Here is another question, and if it is against forum policy, please void it as I do not wish to offend.
I went to the diagrams of my model, found the parts I may need, and then priced them on the web. The service man is charging 4 times what the cost of the part is on appliancerepair.com Now, I am not complaining as he has skills that I do not have, and I have no objection to paying for knowledge and service, but is this a “normal” practice of billing?
I figured double the price for the part, and once more for the service, so and $80 part should cost me a $240 repair. I live in Florida, and is there a “standard” for billing, or is it whatever the market will bear?
That much of a markup is excessive. If you paid the bill I would call them back and ask for money back. Standard markup for semi-high priced parts is double the wholesale price.
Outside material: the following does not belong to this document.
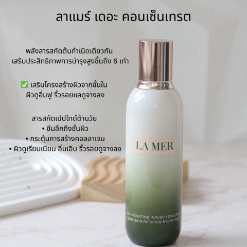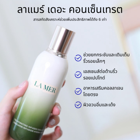 La Mer The Hydrating Infused Emulsion 125 ml อิมัลชั่นบำรุงผิวระดับลักชัวรี เนื้อบางเบาแต่ให้ความชุ่มชื้นแบบเข้มข้น ช่วยเติมน้ำให้ผิวทันทีและคงความอิ่มฟูยาวนาน ผิวดูเรียบเนียน ฉ่ำโกลว์ สุขภาพดี โดยไม่ทิ้งความมันหรือความเหนอะหนะ เหมาะสำหรับทุกสภาพผิว โดยเฉพาะผิวแห้งและผิวขาดน้ำที่ต้องการการฟื้นบำรุงเป็นพิเศษ

Also, the price you found IS a retail price already, so his charge is way over the industry standard, if one exists.
I mark up 4x wholesale on cheap parts as I want to get some decent price for my efforts.
When I sell like a fuse, or a $3 part, I will charge $10 or more, otherwise it is hardly worth my time to pull out of stock, allow for shipping and sell. On expensive parts, like an $80 part, I might just charge $110 if it is part of a service call.
As a rule, for me as a small business owner, when someone wants an expensive, special part, I give them a web site to order it, I just don’t want to get stuck with the part if they never show up.
I pride myself on full disclosure, so I show the client the shipping bill and tell him what I earned on the part.